= Available data =
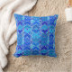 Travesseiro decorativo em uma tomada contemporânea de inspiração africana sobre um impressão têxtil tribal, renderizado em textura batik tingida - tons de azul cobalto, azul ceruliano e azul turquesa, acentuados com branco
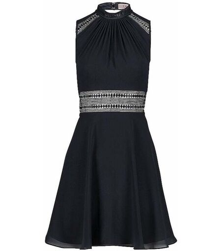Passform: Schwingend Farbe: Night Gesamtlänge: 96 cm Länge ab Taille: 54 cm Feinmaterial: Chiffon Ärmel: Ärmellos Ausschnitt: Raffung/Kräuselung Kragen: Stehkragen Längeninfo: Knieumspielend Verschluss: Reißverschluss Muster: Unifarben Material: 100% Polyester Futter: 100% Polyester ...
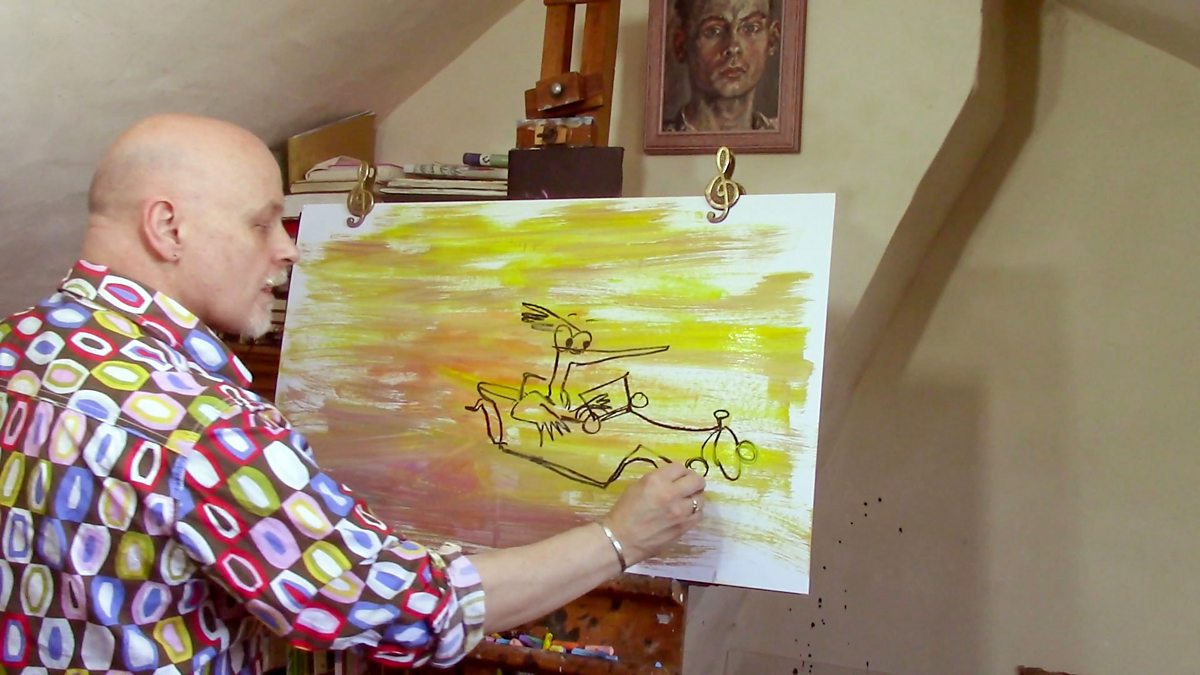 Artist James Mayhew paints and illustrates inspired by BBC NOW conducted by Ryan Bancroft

= Task statement =
Type out the data above again exactly as written, minus the images.

= Solution =
 Travesseiro decorativo em uma tomada contemporânea de inspiração africana sobre um impressão têxtil tribal, renderizado em textura batik tingida - tons de azul cobalto, azul ceruliano e azul turquesa, acentuados com branco
Passform: Schwingend Farbe: Night Gesamtlänge: 96 cm Länge ab Taille: 54 cm Feinmaterial: Chiffon Ärmel: Ärmellos Ausschnitt: Raffung/Kräuselung Kragen: Stehkragen Längeninfo: Knieumspielend Verschluss: Reißverschluss Muster: Unifarben Material: 100% Polyester Futter: 100% Polyester ...
 Artist James Mayhew paints and illustrates inspired by BBC NOW conducted by Ryan Bancroft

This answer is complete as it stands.